Mr. Allmand said he hopes that Mr. Chrétien will use his remaining time in China to make explicit the link between trade and human rights. Mr. Allmand noted that some of the very products China wants to sell to the world are made by "basically slave labour."

Mr. Chrétien's speech at the judges' school was intended primarily for domestic consumption back home in Canada, says Cheuk Kwan, chairman of the Toronto Association for Democracy in China.

The Prime Minister gave the game away a day earlier when he suggested that Canada is too small a country to be preaching to China, Mr. Kwan said. "He took away his own thunder."

As a leading industrial country with a high standard of living, a long history of helpful activism on the world stage, and status as a major player at the United Nations and in other international bodies, Canada should not shy away from talking bluntly and forcefully to the Chinese leaders about human rights, Mr. Kwan added.

Barbara McDougall, who was the external affairs minister in the Progressive Conservative government at the time of the Tiananmen Square massacre in 1989 and who now heads the Canadian Institute for International Affairs, said Mr. Chrétien should be careful when he suggests Canada has little influence with the Chinese.

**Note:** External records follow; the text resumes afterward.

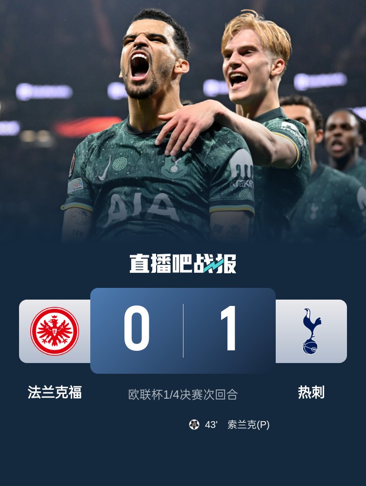 索兰克点射建功,最终热刺1-0客胜法兰克福,总比分2-1晋级四强。
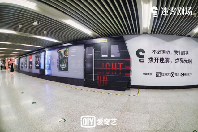9月19日,《沉默的真相》开播第三天,不少网友惊喜地发现,北京西单地铁站出现了“迷雾剧场”的创意广告展。现场神秘列车概念海报、剧场片单海报合集,再加上动态的“列车与迷雾”主题海报,定制台词车票打印互动装置和全场循环播放的迷雾背景音乐,吸引众多剧迷现场打卡。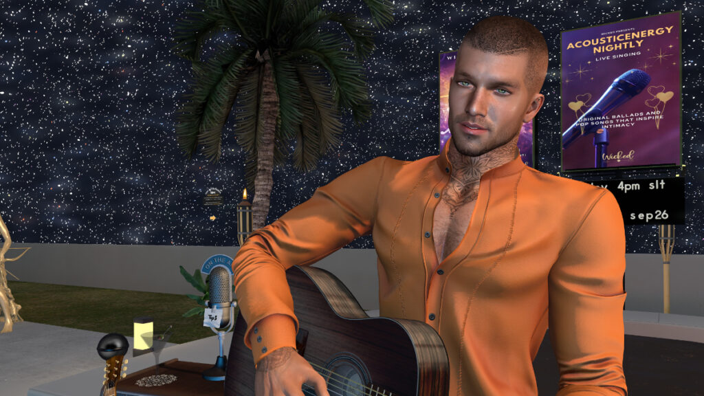 Second Life’s live music scene is full of hidden gems, and one of the brightest is Acoustic Energy. Performing recently at Wicked Lounge, he delivered an engaging mix of covers and original songs that showcased both his skill as a guitarist and his authenticity as a performer. His acoustic guitar work flowed effortlessly, each note warm and precise, while his vocals carried the emotion of every song. He has a gift for taking familiar classics and making them entirely his own.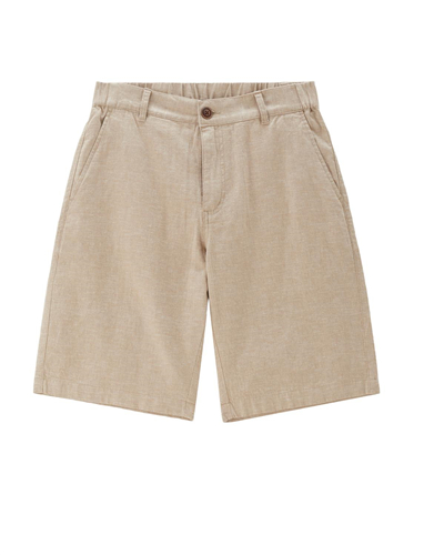 【網上獨家】男裝天然棉麻半鬆緊腰梭織休閑短褲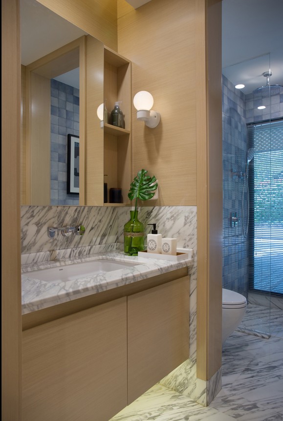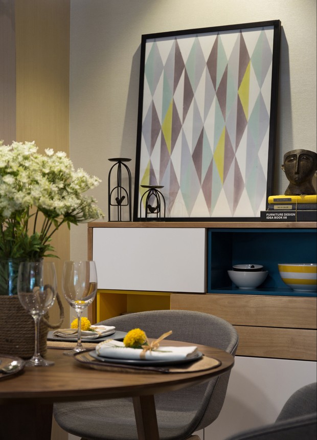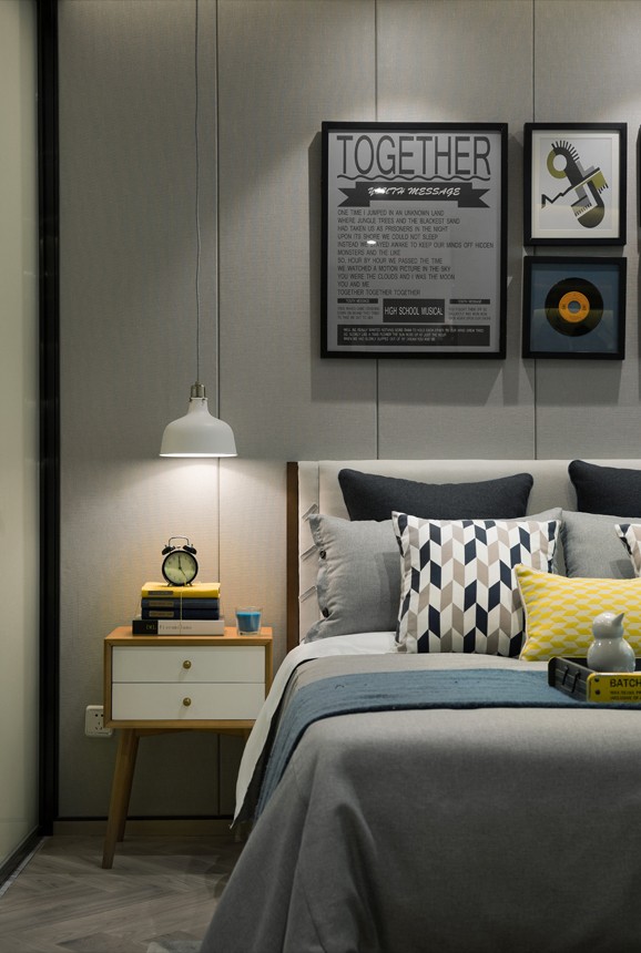 這套現(xiàn)代風(fēng)格的裝飾很是時尚,不管是壁畫還是擺飾,都是設(shè)計師精心挑選過的??蛷d的墻面和沙發(fā)都是灰色調(diào),但是為了使整個空間看起來不會太單調(diào),設(shè)計師用了壁畫和亮色抱枕,去打造一種層次感。衛(wèi)生間干濕分離,盥洗臺很大,兩個人同時使用也沒問題。

That's inviting other countries to view Canada as a pushover in situations where Ottawa wants to take a firm position, she said.

Ms. McDougall also said the recent publication of internal Chinese Communist Party documents showing that the leadership was divided on whether to crack down on Tiananmen protesters should be a lesson to foreign leaders.

One can never tell if strong statements on human rights might not strengthen the hand of liberal reformers within the Chinese leadership, she said.

Mr. Clinton's nine-day tour of China is remembered for the opportunities the U.S. leader had to speak directly to the Chinese public, including an appearance on a phone-in radio program and a televised news conference with Chinese President Jiang Zemin that became de facto a debate on human rights.

Mr. Chrétien is not being afforded the same opportunities.

Mr. Clinton's officials tried to depict his visit as a triumph for human rights. Yet human rights groups say the two years since have seen abuses as serious as any time since the Cultural Revolution.

So, if even the president of the United States doesn't seem to have an impact, how can the Canadian Prime Minister do any better?

"You can never second-guess yourself on something as basic as human rights," Mr. Kwan said.